First, I should make it clear that there are probably cases where using registry queries to do selections on (say) seeing isn’t actually what you want - a
PipelineTask that cares about a very specific definition of some metadata quantity may actually want to filter its inputs in its own
run method. And in other cases, the registry query may just be one of several ways to generate an explicit list of data IDs that could be saved in some other form, and possibly manually vetted before they are actually used in QG generation. Let’s not get distracted by those possibilities here.
The original scheme for this kind of metadata was developed in the butler working group days, and it involves having dedicated metadata tables for each
StorageClass, and having those populated by the
Formatter when a dataset is
put, by having it look at the in-memory Python object it’s given and extracting some stuff from it to give back to the
Registry before it actually writes the file. So in the case of seeing, we’d have a
seeing column (allowed to be
NULL) in some table that would have a row for each
afw.image.Exposure dataset we write, and the
Formatter classes that deal with that class would all know they they have to do
object.getPsf().computeMoments().getDeterminantRadius() or something similar to compute that
seeing value to give back to the registry.
This is all still viable, though it’s never been a high priority, and it’s a lot of fairly fundamental butler API and schema changes (the kind that would require broad but probably not very deep changes elsewhere). And it may still be a good approach for saving simpler things, like the number of pixels in an image or the number of rows in a catalog. But I don’t like the inflexibility of things being set only at
put-time, and then locked there forever, or the idea that
Formatters should know quite that much about the content of what they’re saving. We’d also have to add support for looking at those metadata tables to the query system itself, but that’s the case for any approach to this problem.

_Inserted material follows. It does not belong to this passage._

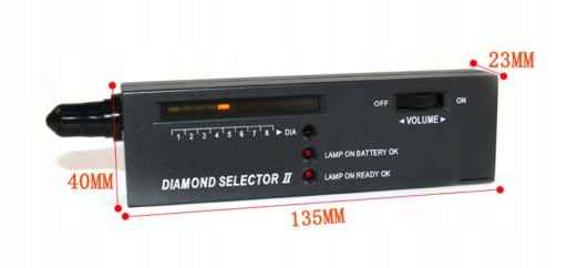 5. Uważnie obserwuj odbicie instrumentu. Jeśli zaświecą się pozostałe żółte diody, gdy jest 9 diod i rozlegnie się sygnał dźwiękowy, oznacza to, że badany jest prawdziwym diamentem. W przeciwieństwie do tego, jeśli świeci się mniej niż 9, a instrument nie emituje ostrego sygnału, oznacza to fałszywy diament lub podróbkę.
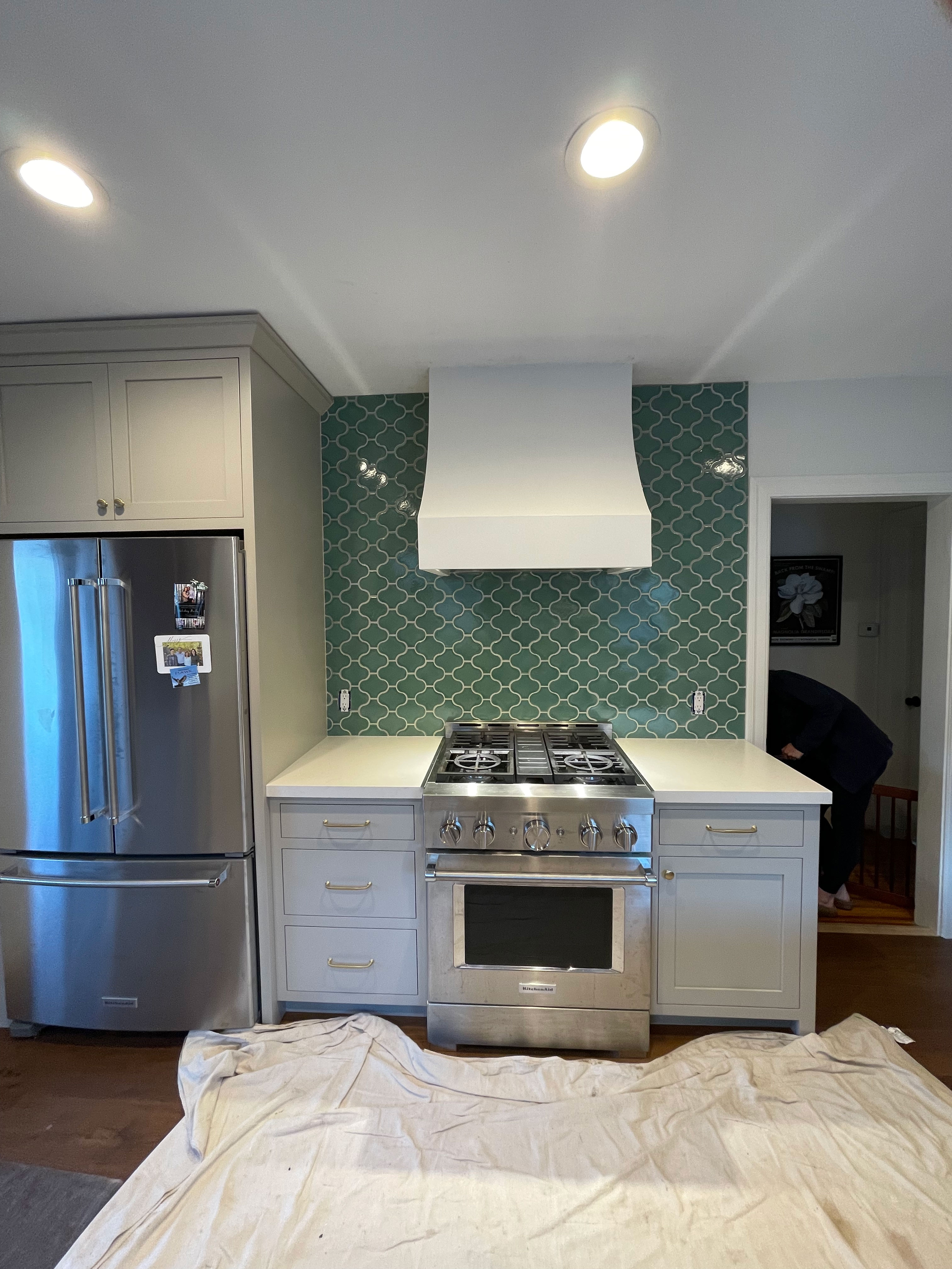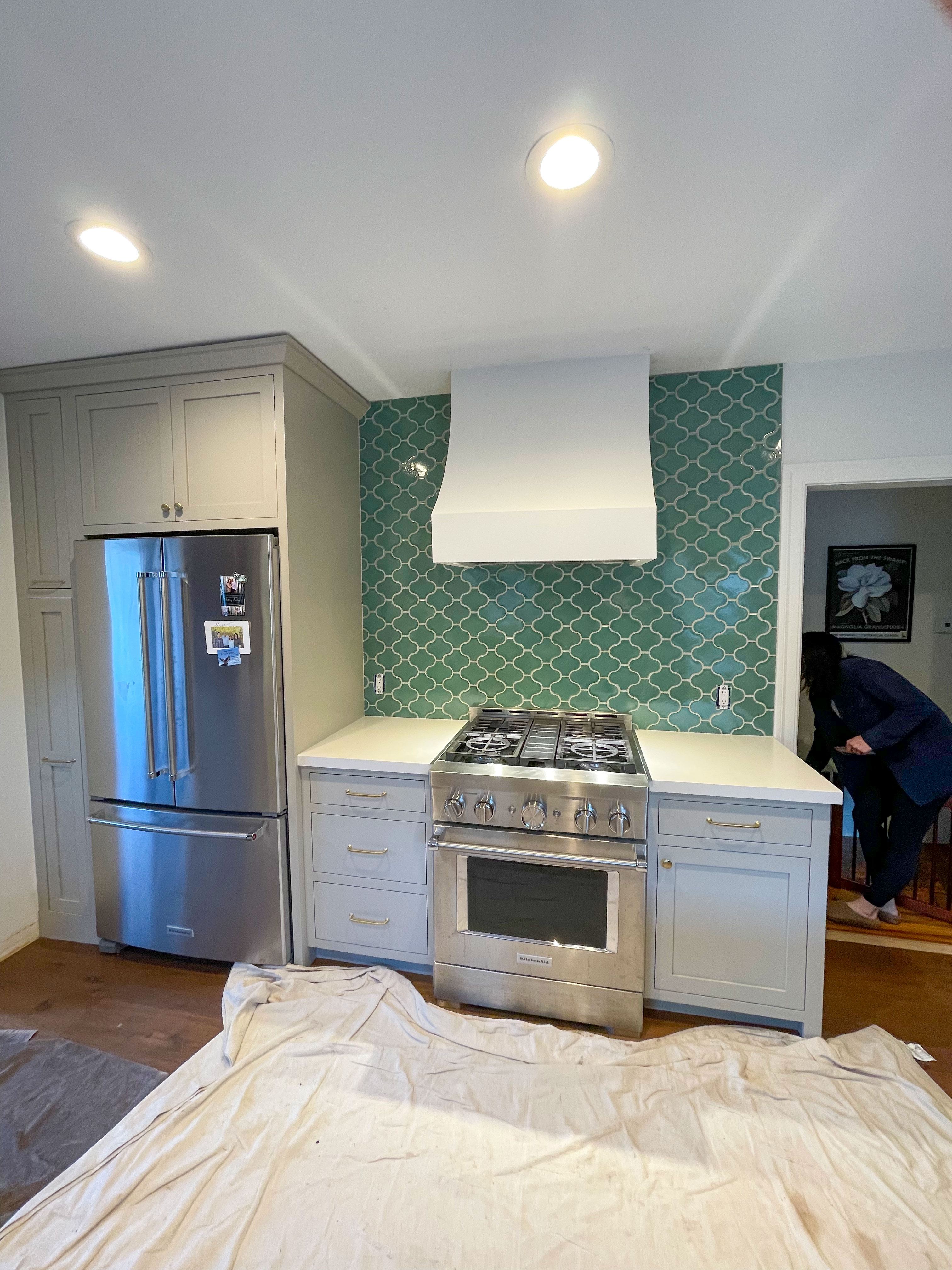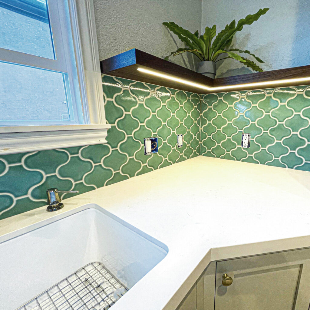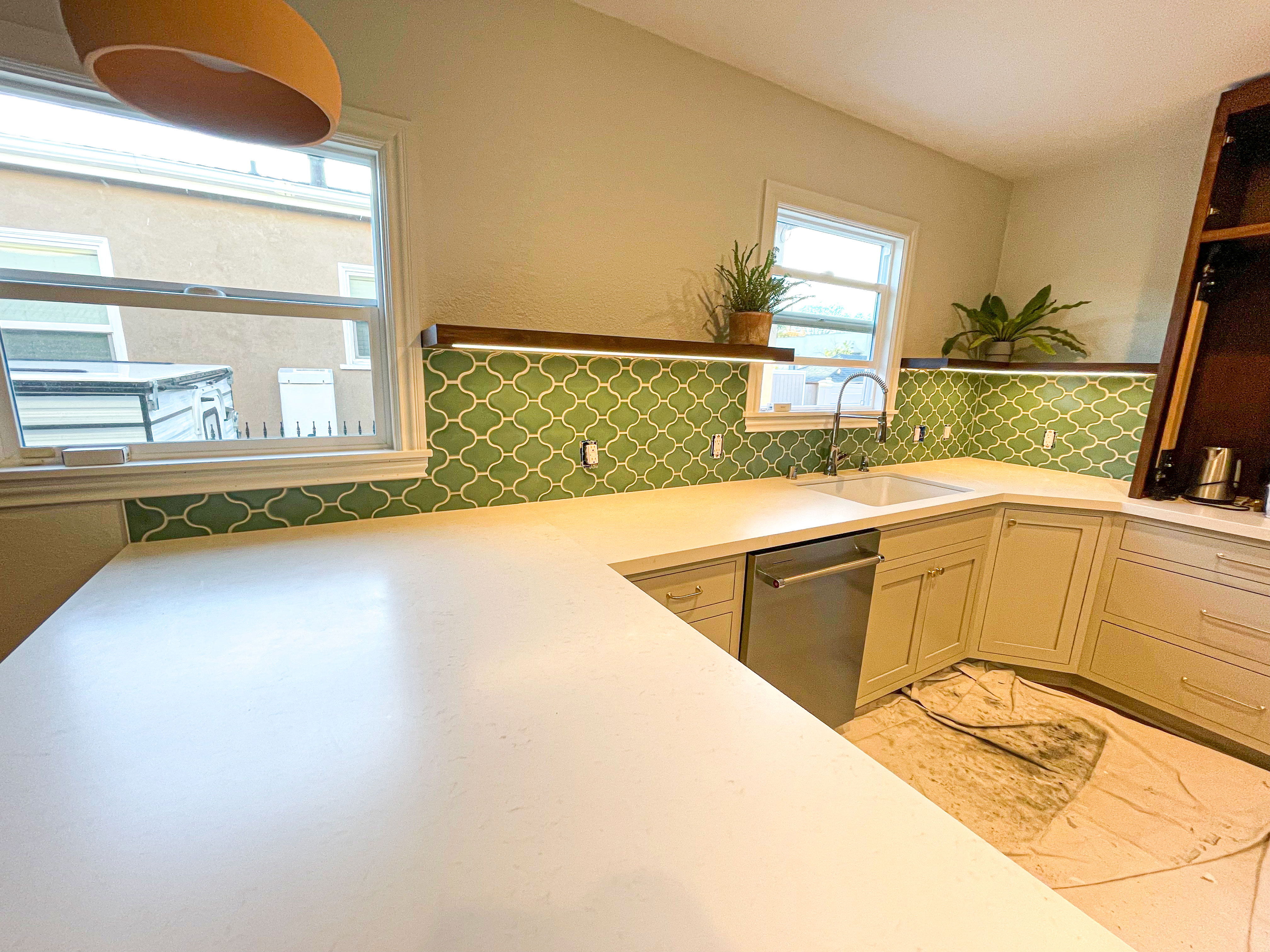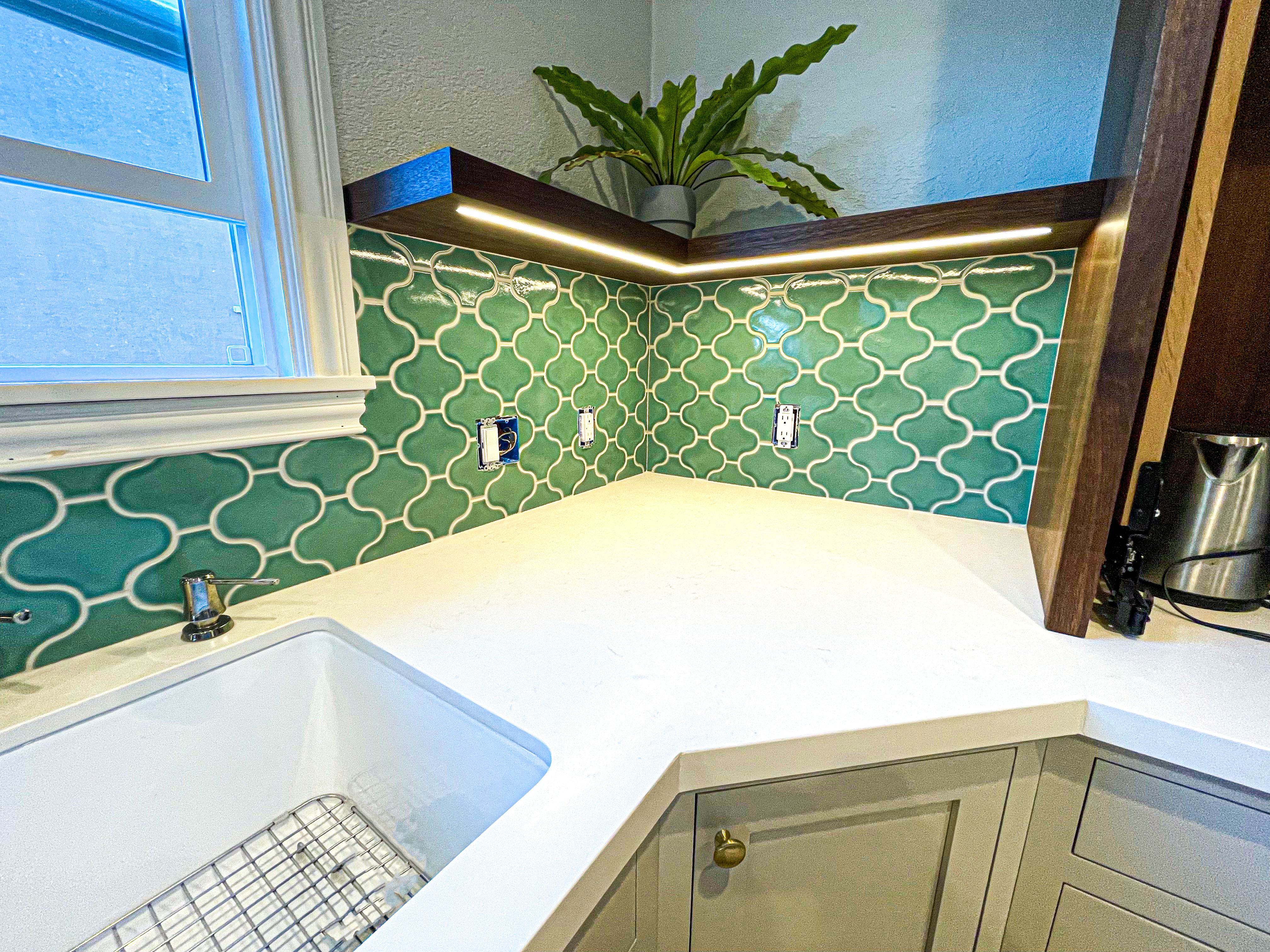 The installation process focused on precision and detail, particularly in aligning the green tiles to create a seamless and symmetrical backsplash. The wooden cabinetry was installed with care, ensuring perfect fit and finish, while the hardware and appliances were integrated to blend effortlessly with the overall design. Special attention was given to the lighting setup to highlight the unique color scheme and enhance the kitchen's ambiance.

I think the new metrics-gathering system that @KSK, @bechtol, and @jeffcarlin are building on top
PipelineTask provides a path to an alternative. Seeing could just be a trivial
PipelineTask metric they compute, or even something they gather from task-level metadata (I’m not sure how tied together their system is to the
MetricTask system that @kfindeisen et al put together in Gen2 with Gen3 in mind, but I’m sure we can make them interoperate if they don’t already). And if we can make the query system hook into those metric values, we’ll give it access to much more than we’d have ever considered saving at
put time in the previous approach. Many of the pieces are already there, or will be arriving soon:
Registryhas a system for creating “opaque” tables in the same database (and schema) that holds the registry itself. We already use this in most
Datastores, to hold information that is private to that
- Our query expression parser currently only permits identifiers that are part of our predefined “dimensions” system, but it wouldn’t be at all difficult to allow it to handle opaque tables as well.
- We can already define a chain of
Datastoresthat delegates saving particular dataset types or storage classes to a special
So, instead of saving our metric measurements to tiny JSON files, we’d write a simple, single-purpose custom
Datastore that saves metric measurements to opaque table rows in the Registry database instead. We might only need one table for all metrics - the columns would just be the integer
dataset_id and the actual metric measurement data - so the question is how many columns we need for the metric measurement data, and how stable that is. The
dataset_id would be sufficient to tie it back to the actual name of the metric (via the dataset type), the processing run, and the data ID.
That’s not quite enough; we’d also need to make it so the opaque table registration system could be told that a
dataset_id column will be present in the table - the query system would need that information to know how to connect any expression on opaque table columns back to the rest of the query (i.e. how to join the opaque table to other tables). That’s not hard at all, compared to the custom
Datastore, and it might even be something we’d want to consider in the internal-
Datastore opaque tables, if we wanted to provide query system access to anything in those (by definition making them a bit less private-to-Datastore, of course).
Overall, this seems much easier to implement (even with a custom
Datastore) than the original approach we had in mind, and much more powerful. It’s also layered much more nicely, because it’s not something
Butler itself would natively support, but rather something we’d be building on top of
Butler using features it already (mostly) provides. And it’s not quite a schema change, with the way we define those - these are all tables that the Butler is happy to add to a repo after that repo has already been created, and it has no problem reading repos that don’t have those tables, because they’re not intrinsic to the repo. The metrics-based approach is also not exclusive; we could do the original approach, too, but I’m hoping that the metrics-based approach will work well enough that we don’t have to.